Tolerância Zero20/02/2014 | 14h38Atualizada em 20/02/2014 | 15h55

Esquema de segurança em Florianópolis é uma prévia do que será usado na Copa

 

Congresso Técnico da Fifa, realizado nesta semana em Florianópolis, serviu de exemplo para a ações de segurança que serão executadas durante a Copa do Mundo. É clara a presença intensa de policiais, Forças de Segurança Nacional e monitoramento do Exército, Marinha e Aeronáutica, nas ruas da Capital catarinense. Aquilo que foi aplicado em Florianópolis segue o mesmo plano de integração de forças, mas na Copa do Mundo as proporções serão de outra escala – orçado em R$ 1,87 bilhões e com 150 mil homens em ação nas cidades sede.

— Aqui em Floripa temos um exemplo do modelos que vamos aplicar para Copa do Mundo e ocorreu o que esperamos de união entras as esferas municipais, estaduais e federais.

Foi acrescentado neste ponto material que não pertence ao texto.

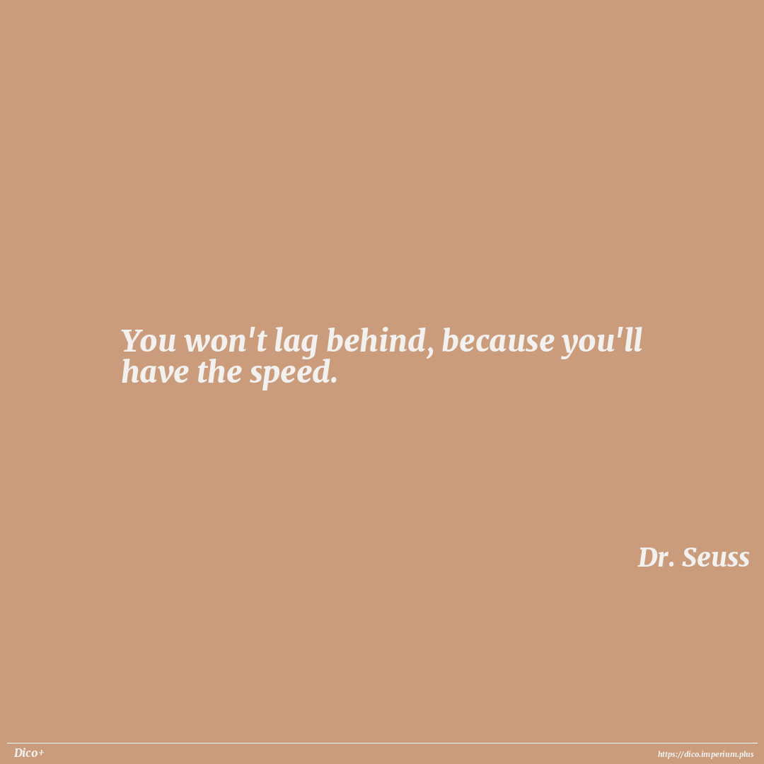 You won't lag behind, because you'll have the speed.

Acreditamos que fica um legado material no que diz respeito ao softwares e equipamentos de segurança e o legado imaterial que é a capacidade das foças de segurança e inteligência de atuar em integração — avaliou o secretário Andrei Rodrigues, do Ministério de Justiça.

Entre alguns pontos destacados do que ocorreu em Florianópolis, o general Jamil Megid Junior citou o fechamento do espaço aéreo sobre o Norte da Ilha de Santa Catarina, reuniões de prevenção de ameaças em todas as áreas do hotel e ativação do comando de controle conjunto.

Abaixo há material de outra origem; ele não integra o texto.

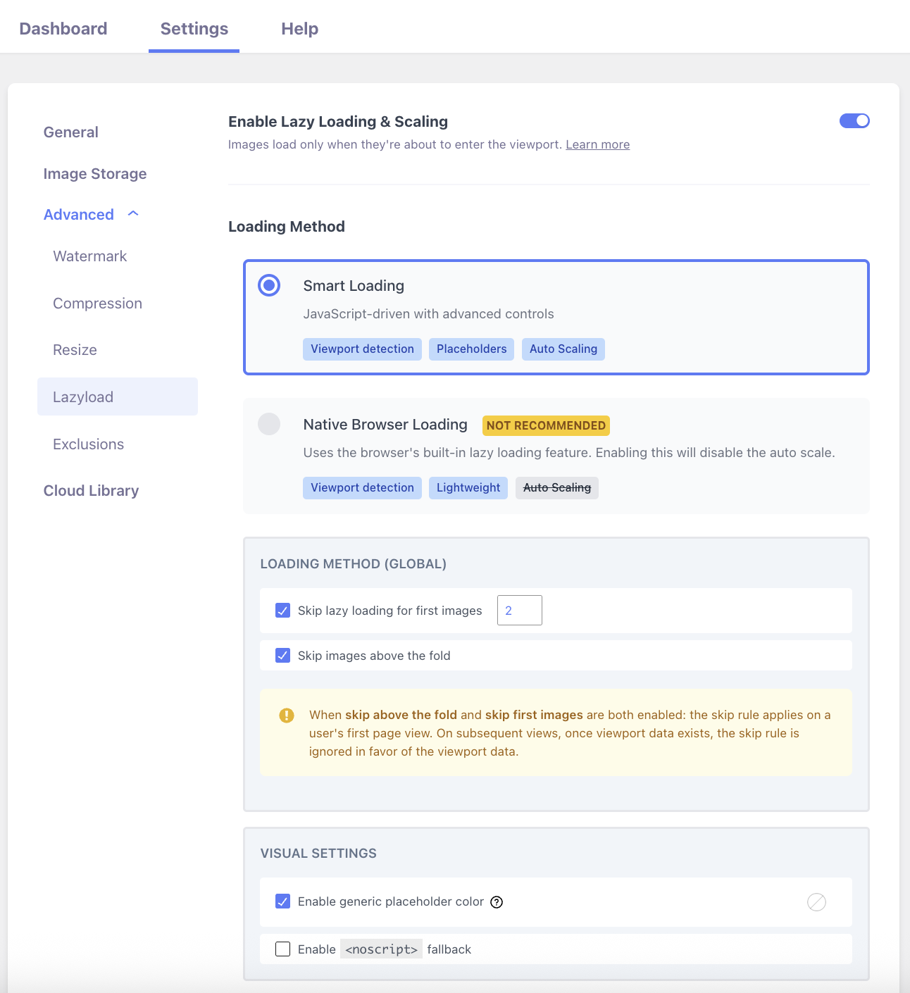 - Lazy Loading Behavior - avoid lazy loading for some of the first images. Use "Skip Lazy Loading for Initial Viewport" (recommended), or enter a number to exclude the first X images. Enable lazy loading for all images - learn more

Esse modelo de sistema de controle de comando conjunto será vigente durante todo o Mundial e centralizado em Brasília. Cada cidade sede receberá dois comando móveis para monitoramento das situações — São Paulo, Rio de Janeiro e Belo Horizonte recebem três — que irão mandar e sintonizar informações diretamente com Brasília. Há ainda uma plataforma de observação elevada para cada cidade sede.

Além das ações de Segurança Pública, que são aquelas mais evidentes está o aspecto de Defesa divido em 11 eixos, entre eles o controle do espaço aéreo, emprego dos helicópteros, defesa marinha e fluvial. Os outros dois núcleos principais do esquema de segurança são a Inteligência e Segurança Privada, organizada pela Fifa em parceria com o Estado.

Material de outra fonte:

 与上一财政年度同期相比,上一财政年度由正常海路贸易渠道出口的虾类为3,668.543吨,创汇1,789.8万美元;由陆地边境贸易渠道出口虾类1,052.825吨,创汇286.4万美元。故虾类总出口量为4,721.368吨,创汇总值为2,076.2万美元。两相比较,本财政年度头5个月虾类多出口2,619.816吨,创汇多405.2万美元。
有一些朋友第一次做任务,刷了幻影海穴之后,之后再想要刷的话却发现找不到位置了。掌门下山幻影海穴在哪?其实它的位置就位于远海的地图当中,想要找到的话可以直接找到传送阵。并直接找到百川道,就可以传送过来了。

Cada seleção terá um responsável por todo as questões e demandas de segurança as equipes. Cada um desses 32 profissionais foi apresentado a suas respectivas seleções e começam os seus trabalhos a partir desta quinta-feira. Irão filtrar as necessidades das equipes no aspecto de segurança e direcionar para os núcleos competentes. Por exemplo, se há uma preocupação quanto as área internas do hotel, será tratado pela parte privada. Algum problema nas imediações do Centro de Treinamento, segurança pública.

Manifestações

As manifestações também foram citadas e o secretário Andrei Rodrigues deixou claro que o ponto de ação não será contra as manifestações, mas com foco nas atitudes violentas dentro delas.

— A nossa preocupação e inibir e coibir ações violentas dentro das manifestações e não as manifestação em si. A Copa das Confederações foi exemplo disso e nenhum jogo teve problemas. E sim, foi um teste exaustivo de segurança, mas que avaliamos com sucesso.

A experiência positiva foi comentada também por Ralf Mutschke, diretor de segurança da Fifa. Para ele, as manifestações são dirigidas aos problemas internos do Brasil, e não à Copa ou a Fifa. Por isso, os protestos não vão impedir a livre circulação de dirigentes ou jogadores pelas ruas do país.